Day 65 of 80

Monitoring & Observability

Phase 7: Advanced Techniques

Day 65: Monitoring & Observability

What You'll Build Today

Up until now, your AI applications have been a bit of a "black box." You send a prompt in, you wait, and an answer comes out. But what happened in between? Did the LLM hesitate? Did it call a tool three times because the first two failed? How much did that specific query cost you?

Today, we are turning on the lights. You will build a fully observable Research Agent integrated with LangSmith.

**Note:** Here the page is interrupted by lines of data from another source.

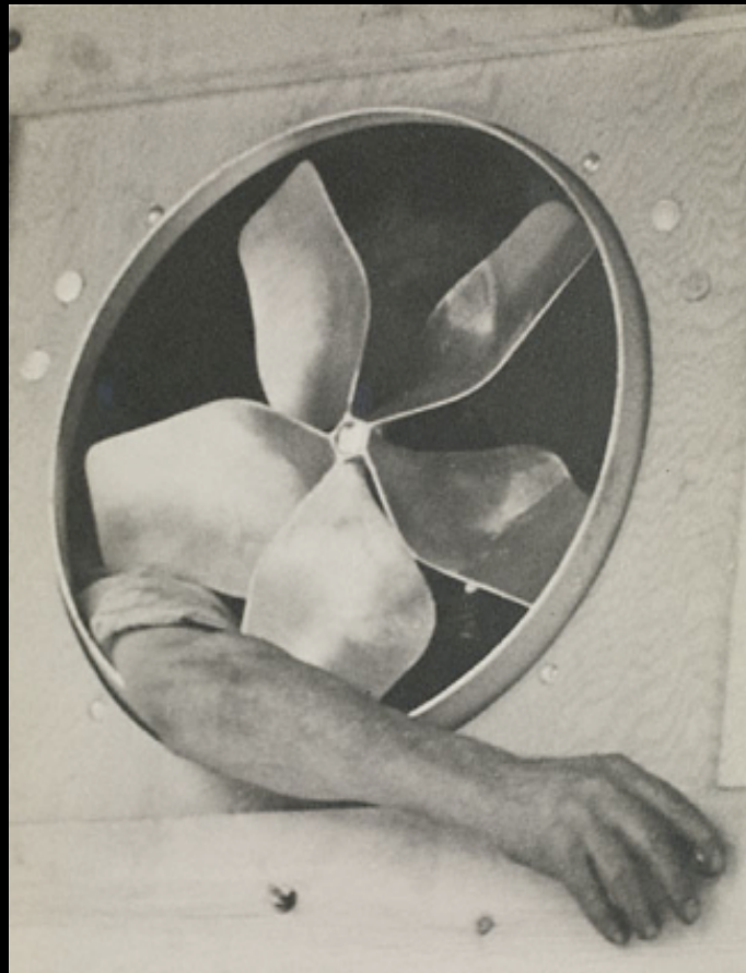
“Arm and Ventilator, New York,” 1937 Estate of André Kertész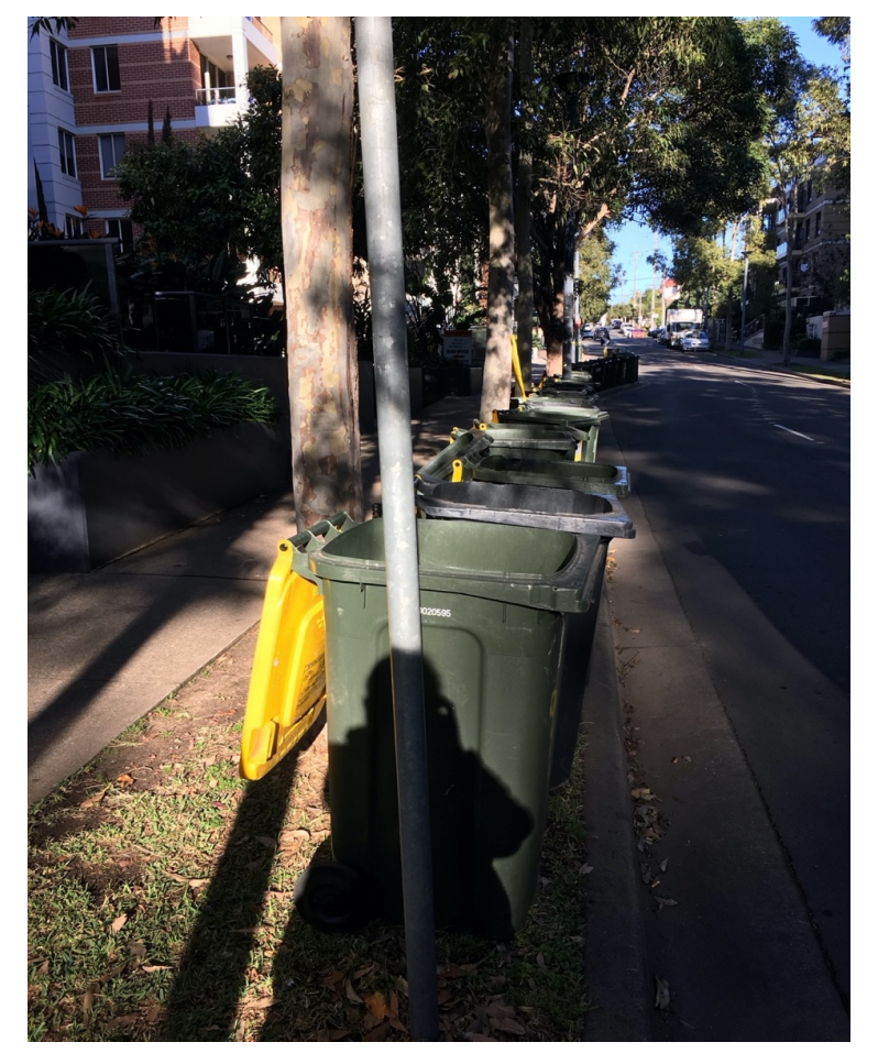
Figure 4: Image of Self in Row of Recycling Bins from Kamay – (Botany Bay), 2020.

ened my observations of daily procedures and historical tensions, especially stemming from the initial focus on my own garbage and recovery bin in my front yard. This grew to a communal interest. This is because the logo on my bin is repeated all over the suburb, and indeed the whole council area, thus reinforcing historical events from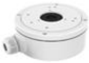
HIA-J101 Junction Box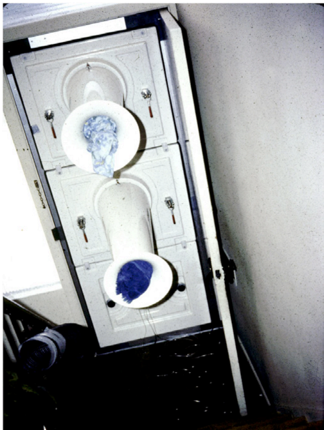
Photograph 2: Blower Door Test —Early days of testing. A two huge fans shown here actually sucking my Mom and Dad right out of the house.

We were not done. Blew foam over the entire attic. Two inches of 2 lb. density spray polyurethane foam right over the plaster ceiling. Then blew 12 inches of loose fill fiberglass over the foam. Yup, a super insulated R-55 attic ceiling and an air tight attic ceiling. Added attic ventilation—got that part right at least. Got Tony Woods 3 to do the air test before and after ( Photograph 2 ). Went from 11 ach@50 down to 3 ach@50. This was a 1,100 ft 2 house with a basement. This was really, really good. Did I mention that this was 1980?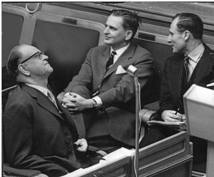
FIGURE 4.4 Swedish Prime Minister Tage Erlander (left), future Prime Minister Olof Palme (middle), and ambassador Sverker Åström (right), Sweden's permanent representative at the United Nations, in 1965. A political insider and major figure in shaping Swedish foreign policy during the post-war decades, Åström devised and implemented the diplomatic strategy that ensured the successful outcome of the Swedish initiative for an environmental conference under UN auspices.

The diplomatic strategy that was to unfold over the next twelve months was devised by Sweden's UN ambassador Sverker Åström (Figure 4.4), one of the most influential diplomats and shapers of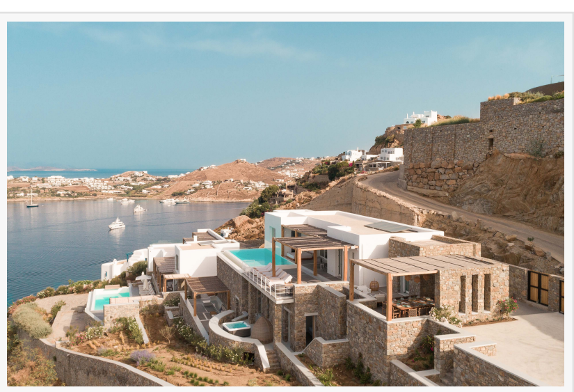
Contemporary villa that pays homage to traditional aesthetic

NEW YORK, NEW YORK, UNITED STATES, April 23, 2024 /EINPresswire.com/ -- A stunning cliffside villa, known as '<u>Silk Shadow</u>,' in the ultra-luxurious Agios Lazaros enclave of Mykonos is scheduled to hit the auction stage next month via <u>Sotheby's Concierge Auctions</u> in partnership with Greece Sotheby's International Realty. Bidding for the seven-bedroom retreat will commence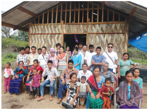
Nathaney -- New Church

"I am very happy to send a few photos of the ministry we do here in Arunachal Pradesh, Northeast India. On 10th May 2015, the new church at Punyabhum village was inaugurated. Now the villagers have a place to worship God. They were very much excited. The villagers collected bamboos for the wall. The rest of the needed materials were given by Community Church of Christ Miao.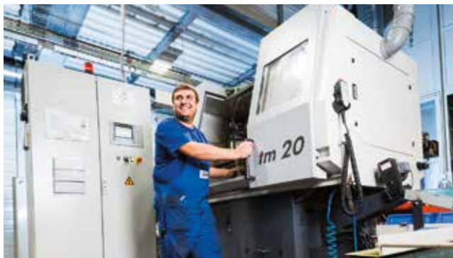
modern machining technologies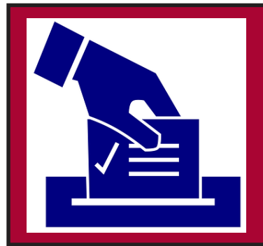
Before you vote, learn Council candidates' positions on land planning & lake protection issues.

If an individual elects not to take part and provide answers, his or her lack of response will be reported when we send the questionnaire summaries.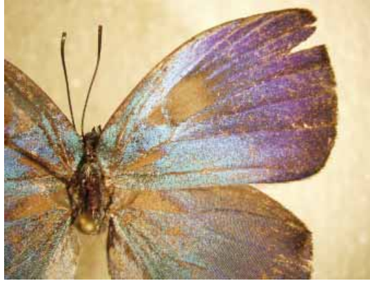
Figure 6. Airamanna rhapsodia (Bálint, 2005) dorsal wings surface androconia with conspicuous scent patches in the postbasal and postdiscal area of the forewing, plus large scent pad in the apex of the discal cell; hindwing surface also with postbasal scent patch above the vein Radius plus androconial scales dispersed amongst colour rising cover scales in the discal area. (forewing length measured from the erection of the vein Radius to apex is 18 mm)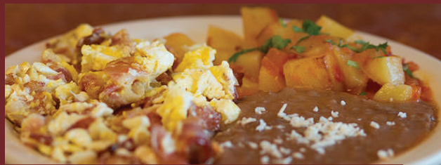
Huevos Con Tocino $6.99 Scrambled Eggs With Bacon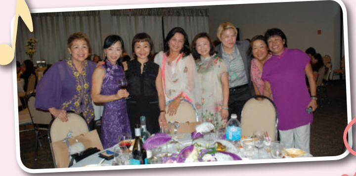
Some of the event sponsors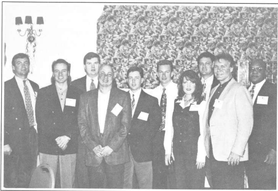
WELCOME, COLLEAGUES: A large contingent of young dentists attended the annual New Member Dinner February 18 at Carlone's Restaurant. Nearly 40 new members joined the ranks of the New Orleans Dental Association during the year.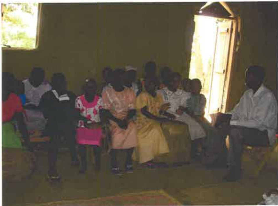
A Sunday School teacher with his children in a local church Ibanda Archdeaconry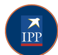
IPP Financial Advisers Pte Ltd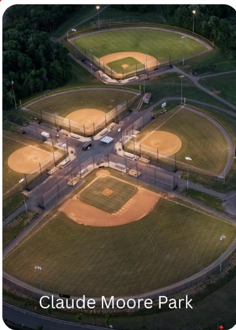
Claude Moore Park

Here is what you will master:

* Tracing: Visualizing the exact path your data takes through complex chains and agents.

* Cost Tracking: Seeing exactly how many tokens (and dollars) every single run consumes.

* Latency Debugging: Identifying which step of your chain is slowing everything down.

* Metadata Tagging: Labeling your runs so you can filter them later (e.g., "Development" vs "Production").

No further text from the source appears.